▸ **ACTIVITY**
Among the records, which lines hold the word "from"? Pick them out.

▸ **DATA TO EXAMINE**
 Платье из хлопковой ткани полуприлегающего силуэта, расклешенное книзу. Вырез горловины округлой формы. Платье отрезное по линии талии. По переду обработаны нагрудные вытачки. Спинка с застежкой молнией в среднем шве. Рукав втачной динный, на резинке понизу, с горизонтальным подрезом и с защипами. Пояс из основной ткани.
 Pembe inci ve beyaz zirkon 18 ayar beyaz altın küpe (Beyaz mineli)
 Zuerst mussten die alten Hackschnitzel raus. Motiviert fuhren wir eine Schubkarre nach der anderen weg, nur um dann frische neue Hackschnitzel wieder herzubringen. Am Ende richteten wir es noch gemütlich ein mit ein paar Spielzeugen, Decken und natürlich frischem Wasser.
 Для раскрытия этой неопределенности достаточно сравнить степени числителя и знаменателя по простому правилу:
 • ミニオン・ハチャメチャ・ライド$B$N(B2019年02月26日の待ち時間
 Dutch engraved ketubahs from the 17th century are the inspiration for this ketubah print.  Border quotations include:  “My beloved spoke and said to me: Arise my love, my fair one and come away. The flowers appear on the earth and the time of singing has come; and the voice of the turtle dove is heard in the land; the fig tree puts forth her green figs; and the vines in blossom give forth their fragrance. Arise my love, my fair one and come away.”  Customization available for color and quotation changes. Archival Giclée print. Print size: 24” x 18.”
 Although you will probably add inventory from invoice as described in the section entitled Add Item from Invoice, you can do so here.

--

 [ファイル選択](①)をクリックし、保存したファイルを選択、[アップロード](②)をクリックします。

---

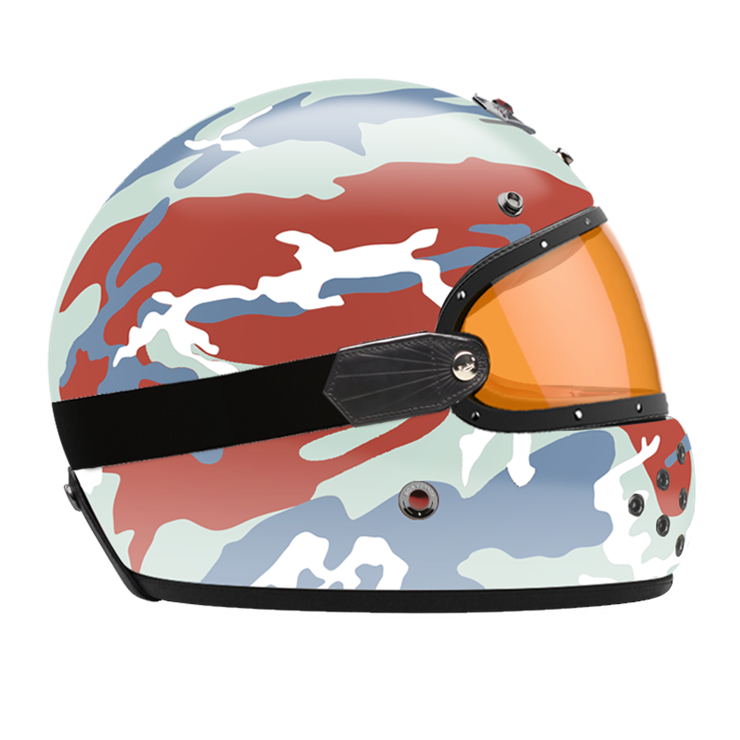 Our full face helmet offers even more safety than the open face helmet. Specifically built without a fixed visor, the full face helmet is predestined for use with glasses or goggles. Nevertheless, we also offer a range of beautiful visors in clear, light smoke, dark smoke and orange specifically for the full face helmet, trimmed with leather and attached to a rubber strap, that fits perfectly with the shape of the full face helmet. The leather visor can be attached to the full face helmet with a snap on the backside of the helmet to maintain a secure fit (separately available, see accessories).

▸ **RESPONSE FOR THIS EXERCISE**
 Dutch engraved ketubahs from the 17th century are the inspiration for this ketubah print.  Border quotations include:  “My beloved spoke and said to me: Arise my love, my fair one and come away. The flowers appear on the earth and the time of singing has come; and the voice of the turtle dove is heard in the land; the fig tree puts forth her green figs; and the vines in blossom give forth their fragrance. Arise my love, my fair one and come away.”  Customization available for color and quotation changes. Archival Giclée print. Print size: 24” x 18.”
 Although you will probably add inventory from invoice as described in the section entitled Add Item from Invoice, you can do so here.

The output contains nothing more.